Pengertian korban dalam deklarasi diatas memiliki sifat yang lebih luas, antaralain dengan menitikberatkan hak-hak fundamental yang hilang, dengan tidak memerlukan bahwa tindakan tersebut telah teridentifikasi atau dituntut atau diputus pelakunya, juga bahwa hukum negara sekalipun adalah merupakan penyalahgunaan kekuasaan apabila mengakibatkan hilangnya hak-hak fundamental, keduanya berlaku baik melalui tindakan aktif maupun kelalaian negara. Disamping memiliki pengertian yang lebih luas, deklarasi tersebut sebagaimana pula terdapat dalam UDHR memiliki sikap universal yang mengatasi posisi hukum nasional sebagaimana terdapat dalam frasa
“do not yet constitute violations of national criminal laws but of internationally recognized norms relating to human rights. ” Dua pihak yang saling berhadapan dan saling tarik menarik disini adalah; norma universal dan kekuasaan de facto negara atas siapa yang disebut korban itu.

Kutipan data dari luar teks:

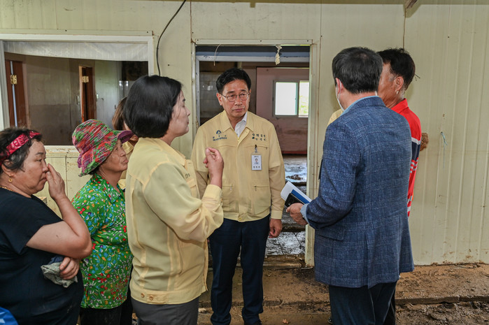 경기 양평군 옥천면은 5일 집중호우로 침수된 옥천1리의 가구를 찾아 긴급 수해복구 작업을 실시했다. 이날 복구작업은 61여단 108기보대 소속 장병의 대민지원 협조를 받아 집안내 토사를 치우고 대형폐기물을 옮기는 등 피해 복구를 위해 최선을 다했다. 사진은 복구작업에 참여한 전진선 군수(왼쪽 네 번째)가 관계자들과 대화를 하고 있는 모습. (사진제공=양평군청)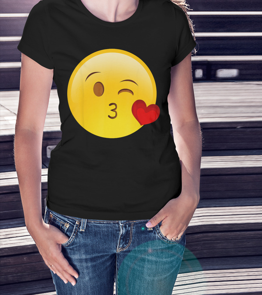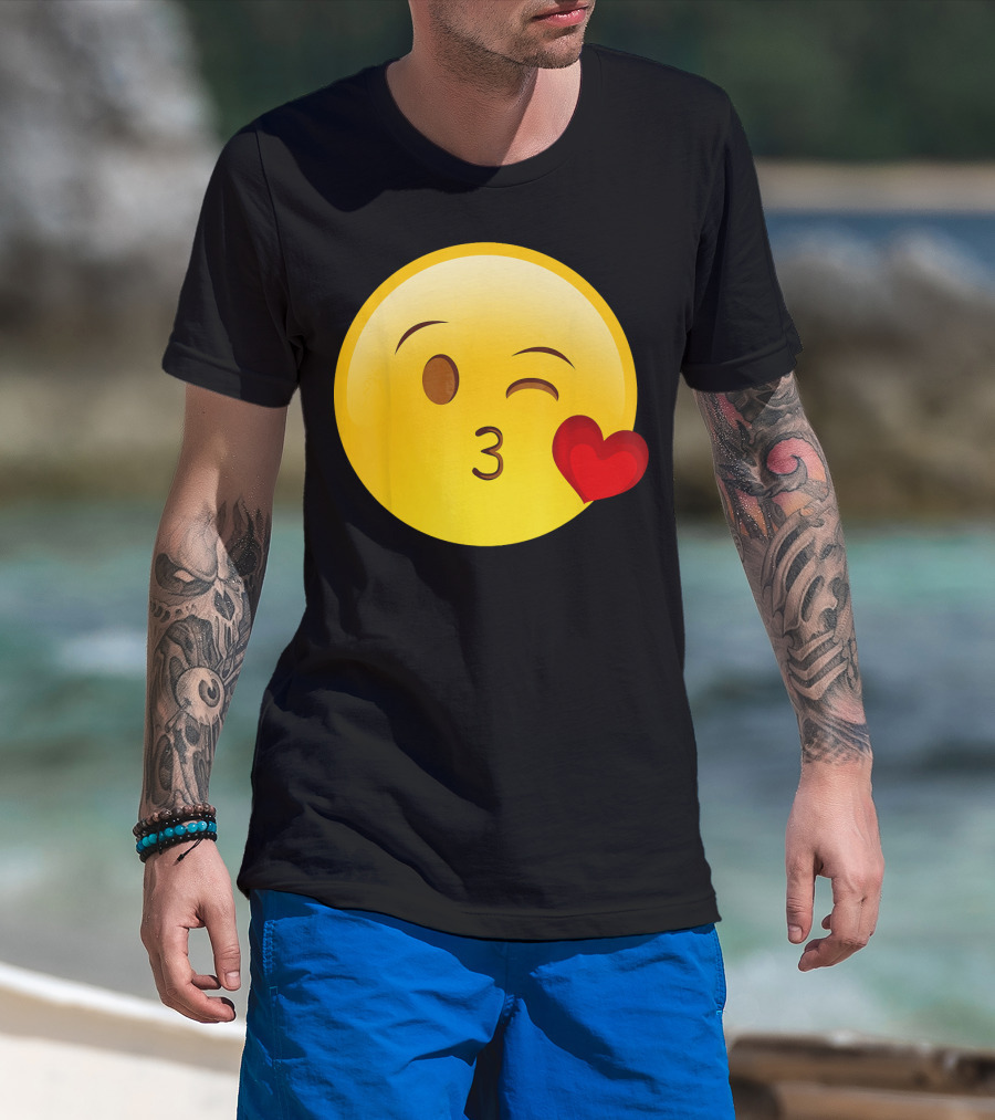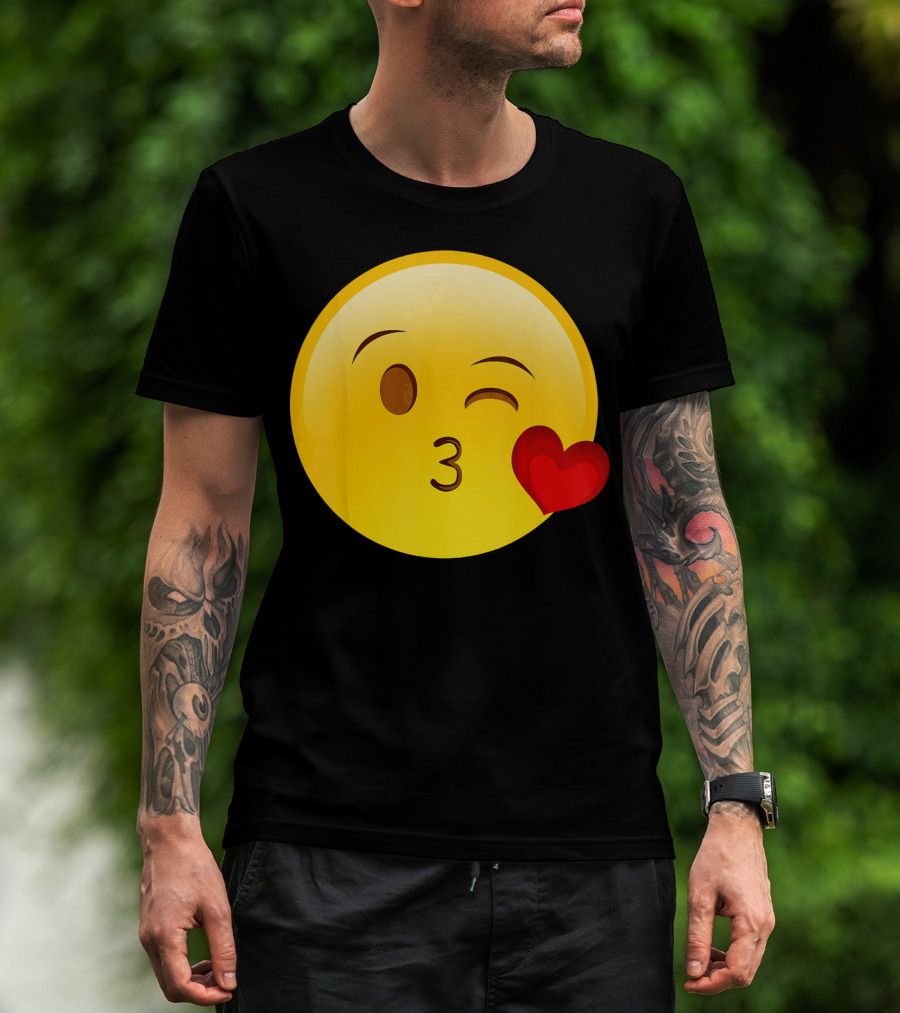 Emoji Throwing A Kiss Puckered Lips Blow Winking Face With Heart T-Shirt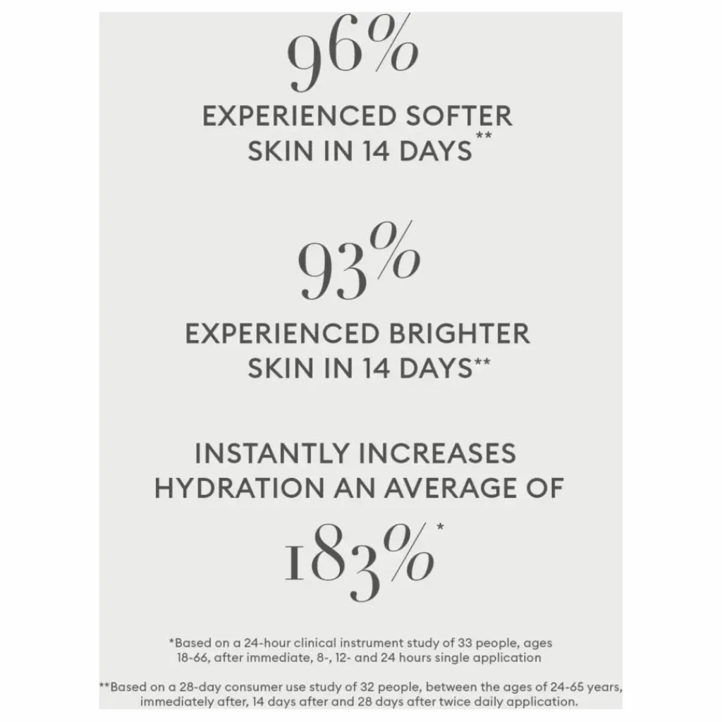 - SQUALANE, hydratant pur, durable et 100 % dérivé de plantes qui apporte une hydratation sans poids ; NIACINAMIDE, affine la peau visiblement irrégulière ; PEPTIDES, aident à améliorer l’élasticité.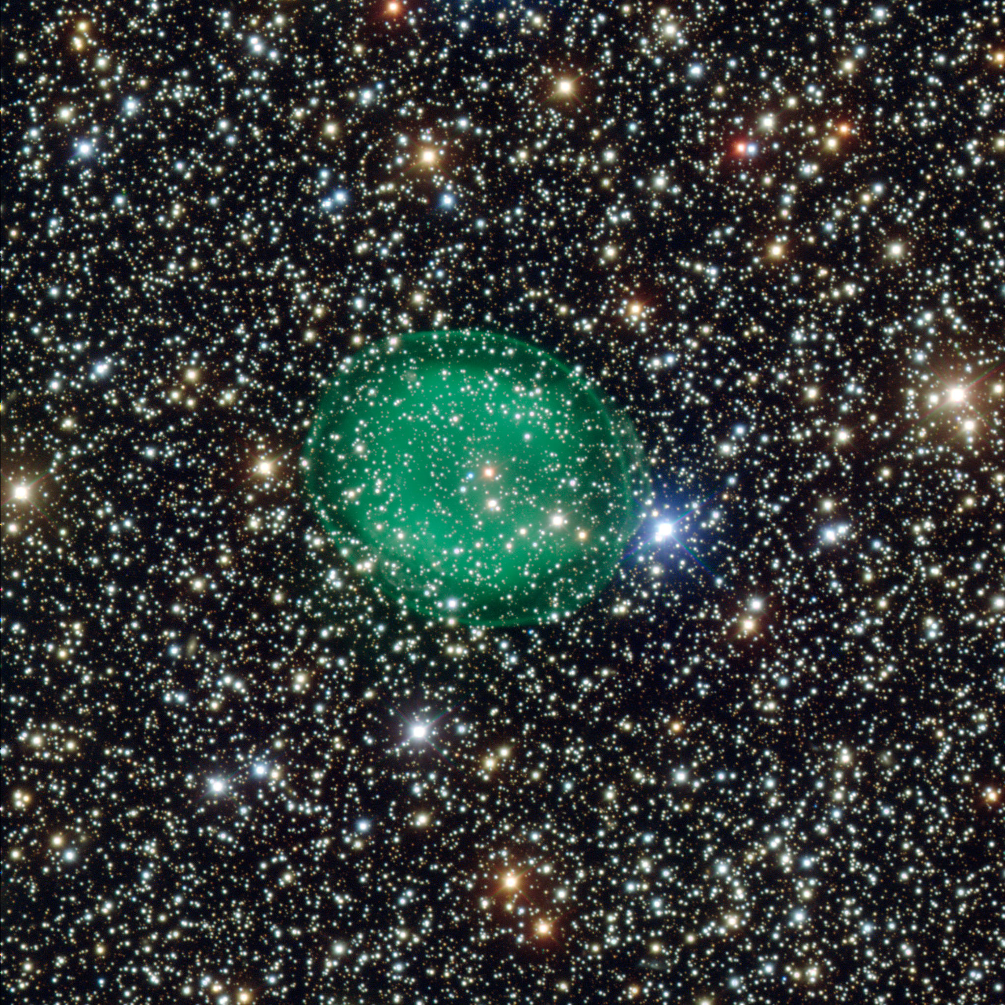 Located on Cerro Paranal in the Atacama Desert of northern Chile, the ESO's Very Large Telescope was busy using the FORS instrument (FOcal Reducer Spectrograph) to achieve one of the most detailed observations ever taken off a lonely, green planetary nebula - IC 1295. Exposures taken through three different filters which enhanced blue light, visible green light, and red light were melded together to make this 3300 light year distant object come alive.

Dalam praktiknya, keduanya berada dalam posisi yang sangat bergantung dari konteks politik masing-masing negara. Beberapa pengadilan pidana internasional, dimana biasanya kekuatan politik hukum internasional telah masuk dan mengalahkan rezim nasional, yang berlaku adalah ketentuan-ketentuan hukum internasional. Jadi dapat dikatakan bahwa penguasaan kondisi politik secara de facto menentukan nilai universalitas dari apa yang disebut sebagai hak fundamental, dan pengertian korban itu sendiri.

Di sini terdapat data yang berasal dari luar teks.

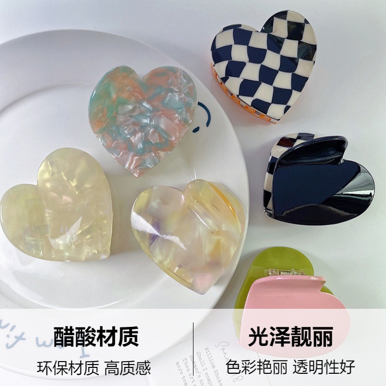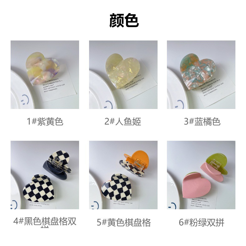 새로운 더블 스펠 러브 그랩 클립 틈새 디자인 체스 판 아세트산 머리핀 고급 감각 헤어 샤크 클립 여성용 헤어 액세서리스토어 가기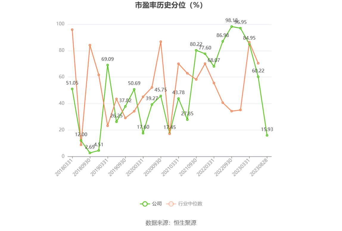 市盈率为负时,不显示当期分位数,会导致折线图中断。
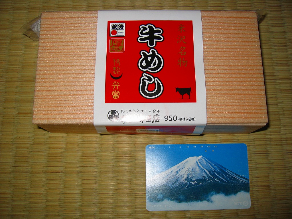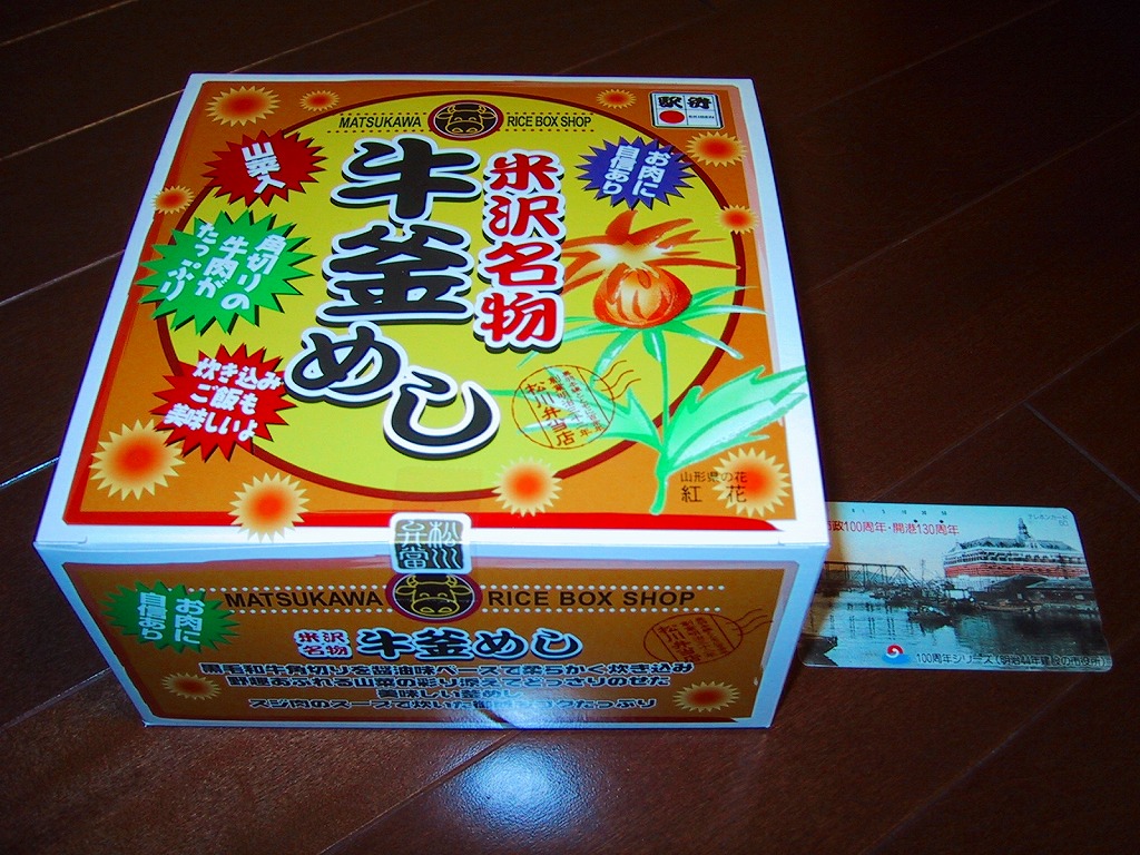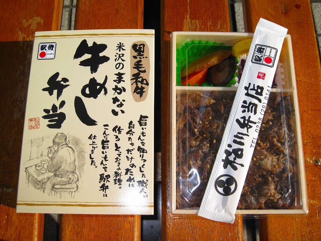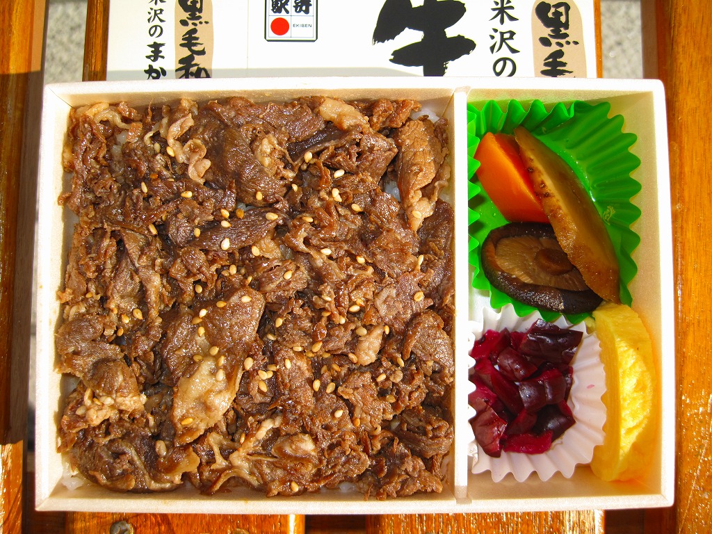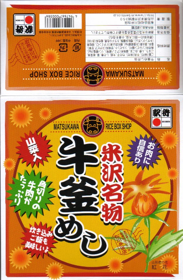 ボール紙の立体パッケージに小さな長方形の木目調容器を入れる。中身は酢飯の上に赤い紅花と黄色い吾妻菊と青いうこぎを信号機の順番で混ぜた柔らかな牛肉の板が載るもの。ステーキでも焼肉でもミンチでもない肉は不思議な食感で、少なくとも他の米沢駅牛肉駅弁よりはかなりあっさりしている。2005年頃までの販売か。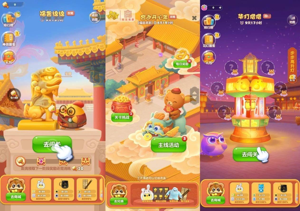 在2023兔年春节中,《开心消消乐》携手故宫观唐,开展故宫主题活动。在第一阶段活动“福兽绵绵”中,《开心消消乐》选择太和殿上的屋脊兽切入设计。玩家通过闯关,亲自体验修复师们修复祥瑞神兽的过程,从而对这些融合了宫廷建筑艺术与传统祥瑞文化的神兽产生更具象的认知。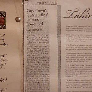 See pictures of the Sir Tahir Levy’s home in District Six, letters from queen, articles written in honor of the late Tahir Levy and Moneeb Levy in studio with Sitara Khalfey.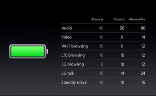 Thời lượng pin mặc dù không phải là điểm yếu của iPhone 6, nhưng nhìn chung nó chỉ ở mức trung bình (chiếc iPhone 6 Plus với kích cỡ lớn hơn, tất nhiên, cho thời lượng pin tốt hơn iPhone 6). Theo một số đồn đoán, Apple sẽ trang bị cho iPhone mới cáp USB-C để phục vụ việc sạc pin, tuy nhiên, cũng có tin đồn nói rằng Apple sẽ hỗ trợ sạc không dây - một tính năng đã có trên Apple Watch và đã được Samsung sử dụng cho cả Galaxy S6, S6 Edge.

Ketentuan mengenai reparasi dalam hukum nasional agaknya dapat disimpangi dengan menggunakan instrumen lain yang juga tersedia dalam UU a quo, yaitu melalui UU KKR. Bagian lebih detil dari KKR tersebut akan dibahas dalam bagian lain tulisan ini namun cukup dimengerti disini bahwa melalui UU KKR, seharusnya turut menentukan alur penyelesaian Pelanggaran HAM berat masa lalu dan memberikan model reparasi yang berbeda pula.